### Activity
Below, find the line containing "Emmerich-Wesel Startseite Zuglaufschilder"; from there to the final line, print every line exactly and skip the pictures.

### Extracted entries
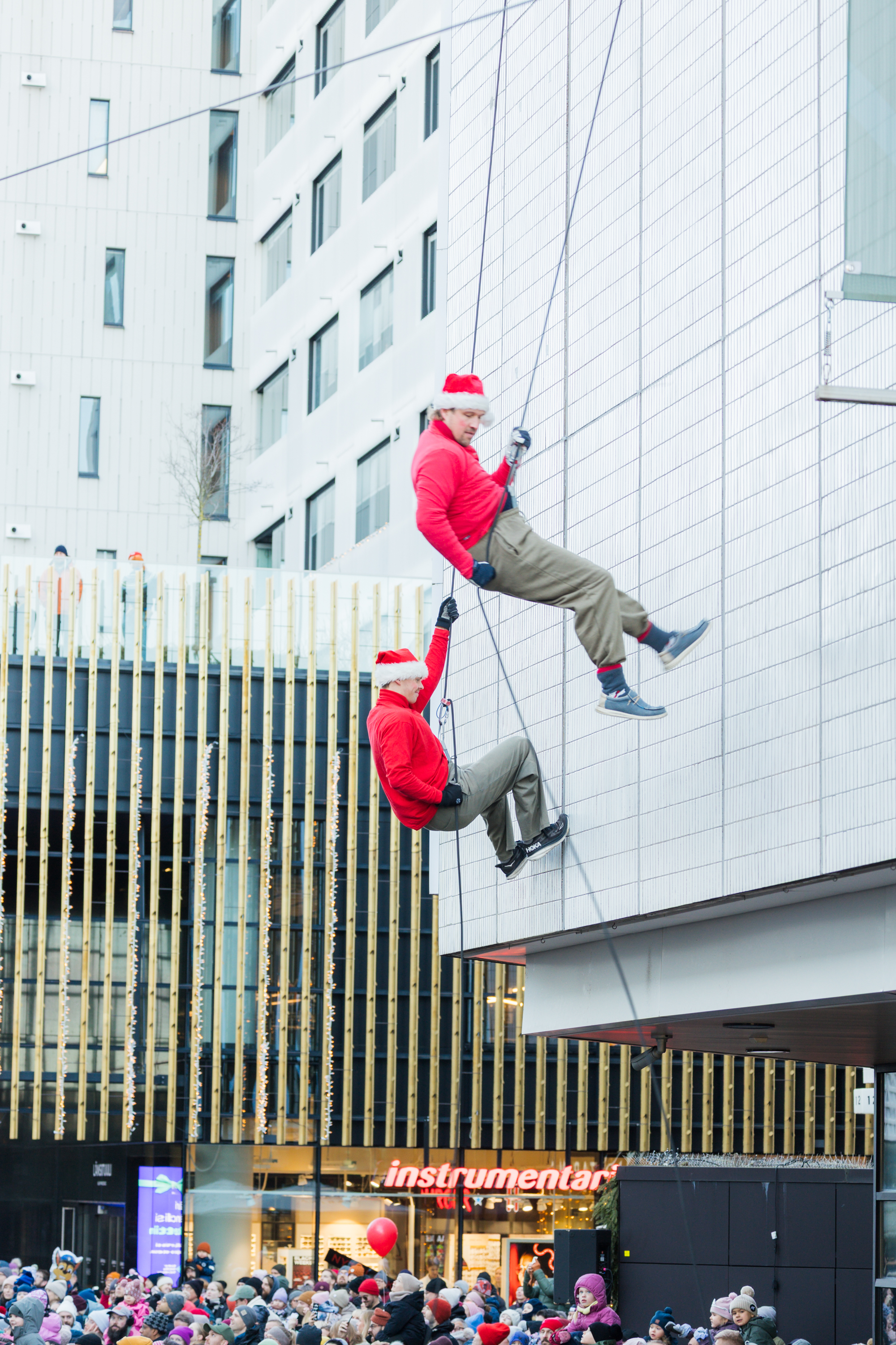 Aamu alkoi Tapiolan kuoron joululauluilla, minkä jälkeen iki-ihanat Pikku Myy, Muumipeikko ja Nipsu toivat lavalle talvisen tarinan Muumilaaksosta. Sitten koitti hetki, jota kaikki odottivat: Korvatunturilta saapuneet tontut laskeutuivat köysien varassa katolta ja Joulupukki liukui ilmojen halki tervehtimään väkijoukkoa. Huudahdukset, taputukset ja lasten iloiset kiljahdukset täyttivät kävelykadun.
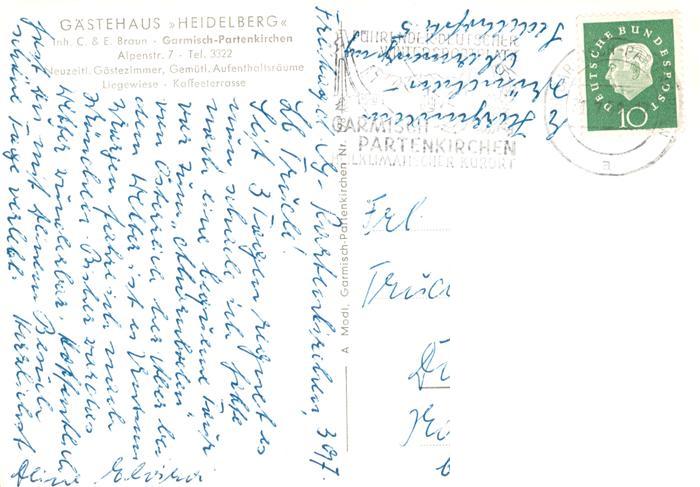 73894572 GARMISCH-PARTENKIRCHEN Bayern Gaestehaus Heidelberg Gastraum Panorama postalisch gelaufen Erhaltung siehe scans [WerneD78] alte Postkarte Wern Katcode 11110009180117
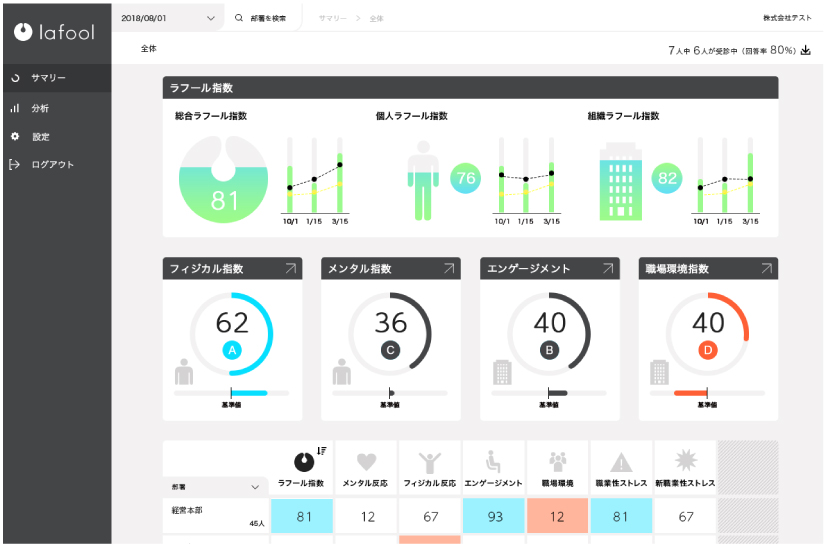 フィジカル・メンタル・エンゲージメント・職場環境の4つの指標に分かれており、この合計が「総合ラフール指数」として表示され、簡単に説明すると、青色が良好、赤色が危険信号となっています。
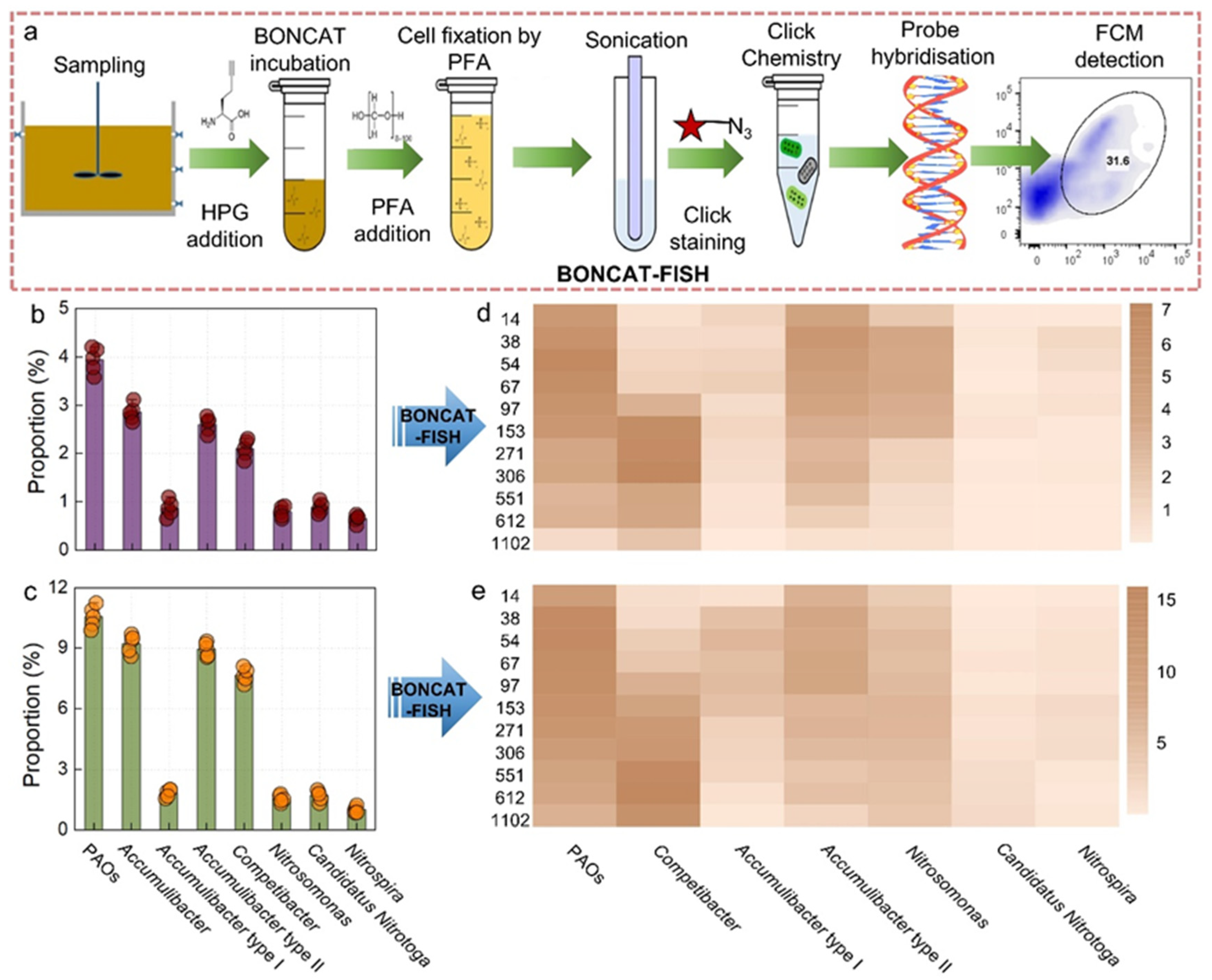 - Du, Z.; Behrens, S.F. Tracking de novo protein synthesis in the activated sludge microbiome using BONCAT-FACS. Water Res. 2021, 205, 117696. [Google Scholar] [CrossRef]
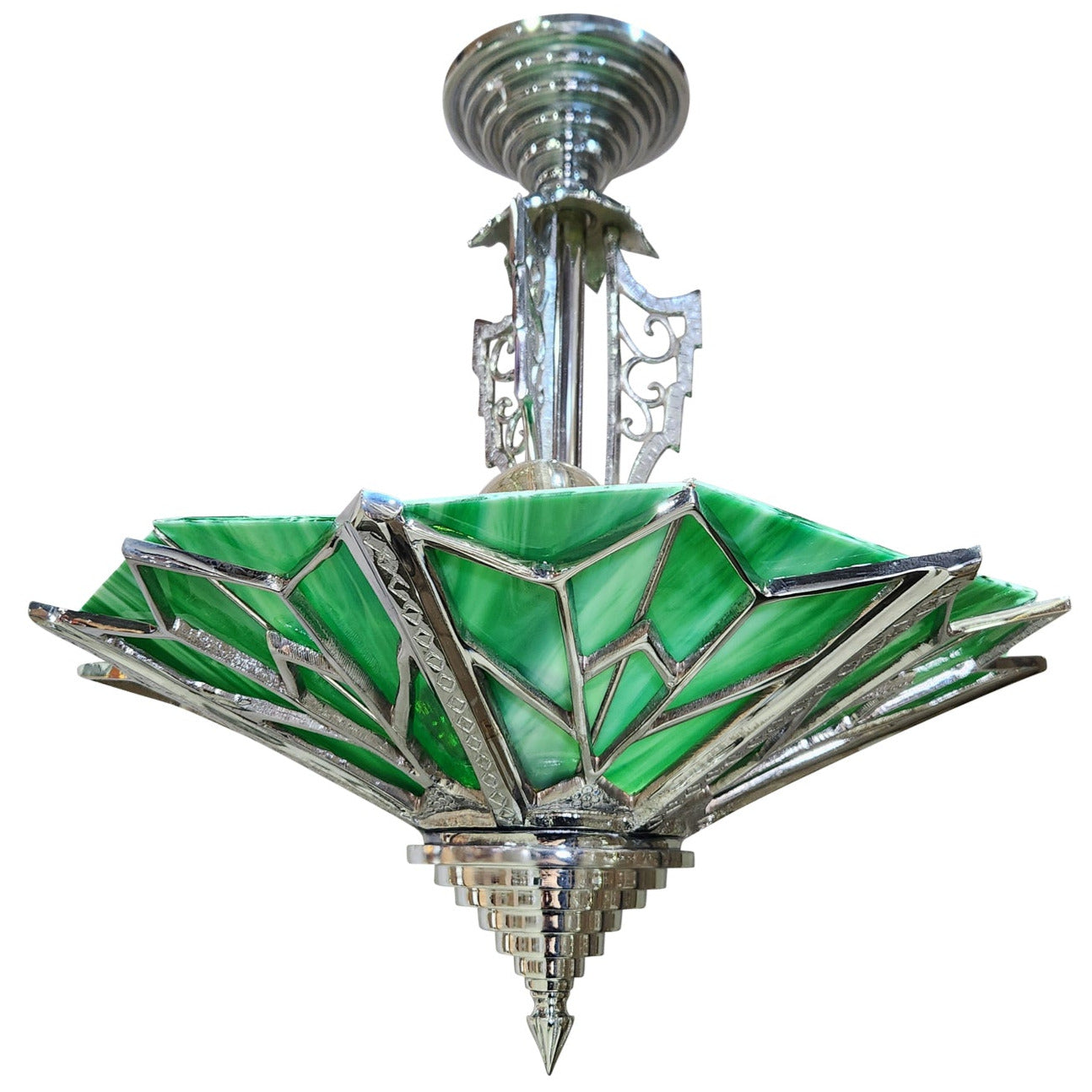 Each chandelier has seven custom made stained glass panels, The average lead time for this light is approximately 2 to 4 business days and each one is custom built. Please note each piece of glass has its own striations and variations and may not be an exact match to the picture shown.
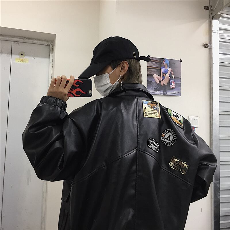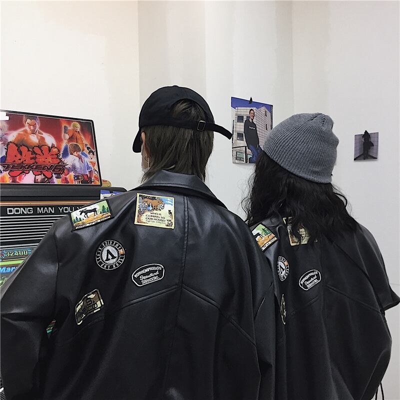 2020年の新しい秋と冬のバージョンinsカップル機関車服革ルーズブラックレザージャケットショートコート女性トレンド Brother_is_Style33428189322
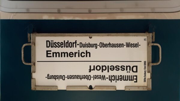 Emmerich-Wesel Startseite Zuglaufschilder Nahverkehr Nahverkehrszüge Emmerich-Wesel Das Betriebswerk Duisburg 1 stellte diesen Zug. Vorheriger Zuglaufschild Düsseldorf-Emmerich Nächster Zuglaufschild Aachen-Dortmund
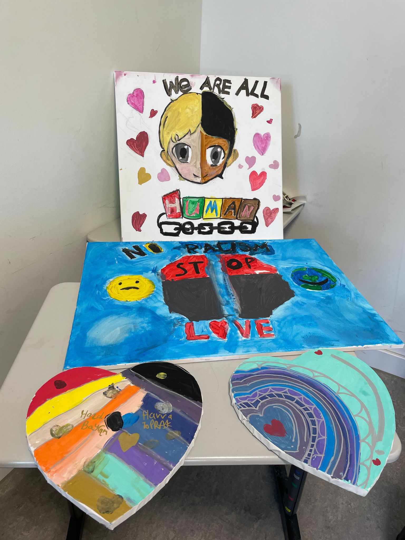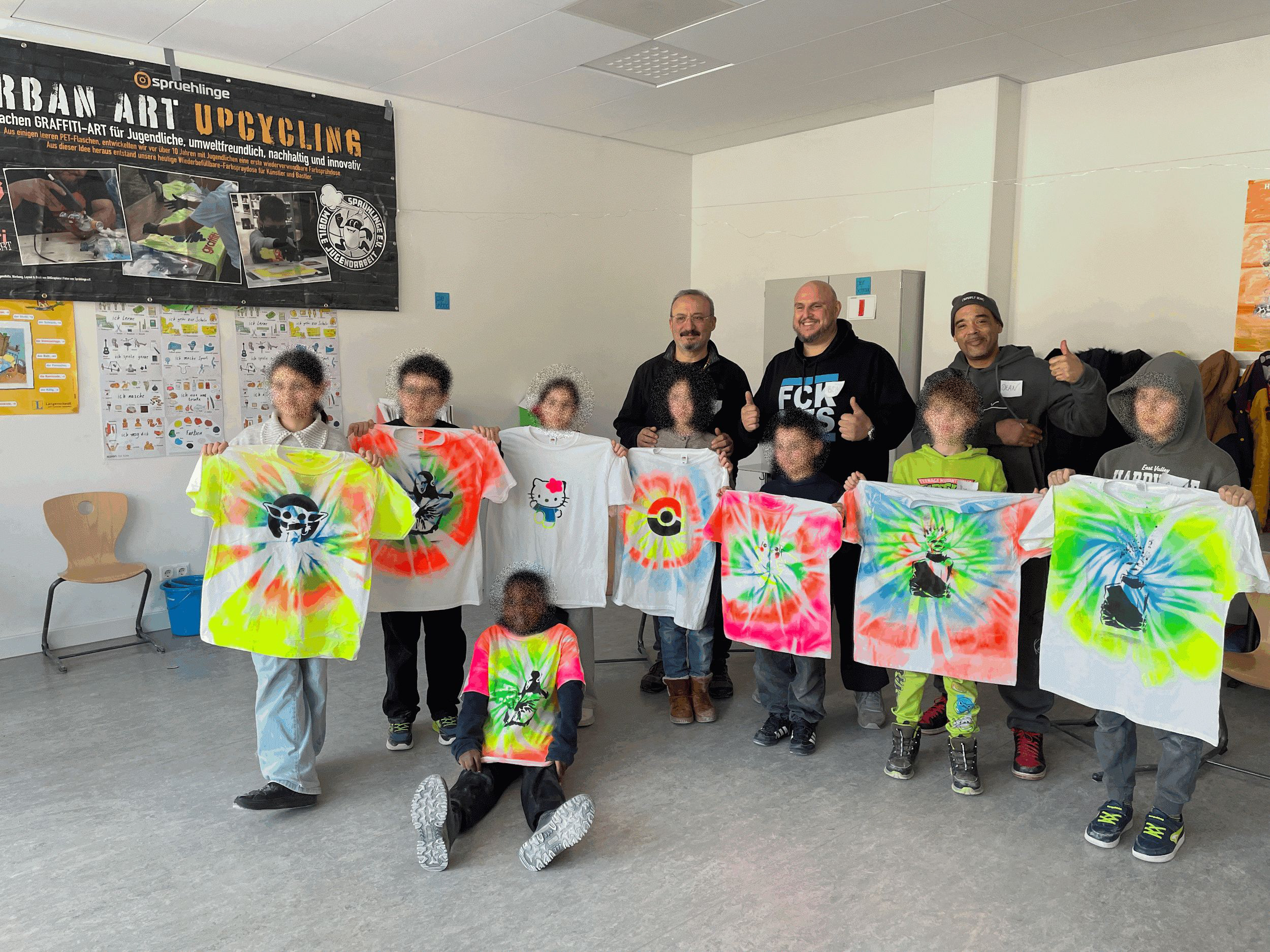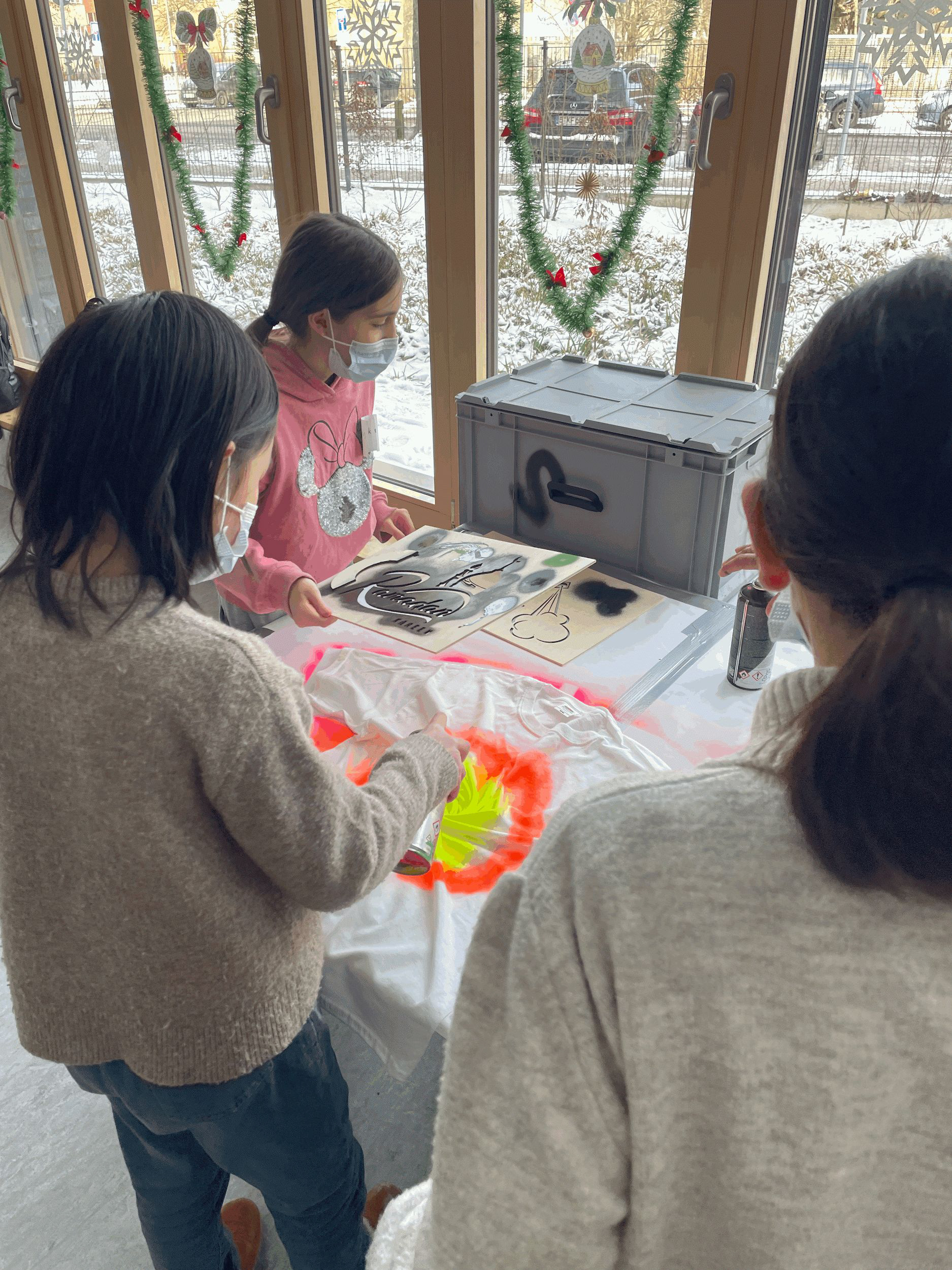 Dabei lernen die Kids nicht nur einige Basics im Hip-Hop-Tanz, sondern auch den richtigen Umgang mit Spraydosen und erfahren einiges über Graffiti als künstlerische Ausdrucksform. Mit Hilfe von gelaserten Schablonen konnten kreativ erste T-Shirts hergestellt werden. Nach den ersten Erfahrungen damit ging’s in der zweiten Runde mit Akrylstiften und Leinwänden weiter. Die gestalteten Bilder zu den Themen Empowerment, Zusammenhalt und gegen Rassismus werden zum Frühlingsfest in der Schule ausgestellt.

### Answer for this exercise
 Emmerich-Wesel Startseite Zuglaufschilder Nahverkehr Nahverkehrszüge Emmerich-Wesel Das Betriebswerk Duisburg 1 stellte diesen Zug. Vorheriger Zuglaufschild Düsseldorf-Emmerich Nächster Zuglaufschild Aachen-Dortmund
 Dabei lernen die Kids nicht nur einige Basics im Hip-Hop-Tanz, sondern auch den richtigen Umgang mit Spraydosen und erfahren einiges über Graffiti als künstlerische Ausdrucksform. Mit Hilfe von gelaserten Schablonen konnten kreativ erste T-Shirts hergestellt werden. Nach den ersten Erfahrungen damit ging’s in der zweiten Runde mit Akrylstiften und Leinwänden weiter. Die gestalteten Bilder zu den Themen Empowerment, Zusammenhalt und gegen Rassismus werden zum Frühlingsfest in der Schule ausgestellt.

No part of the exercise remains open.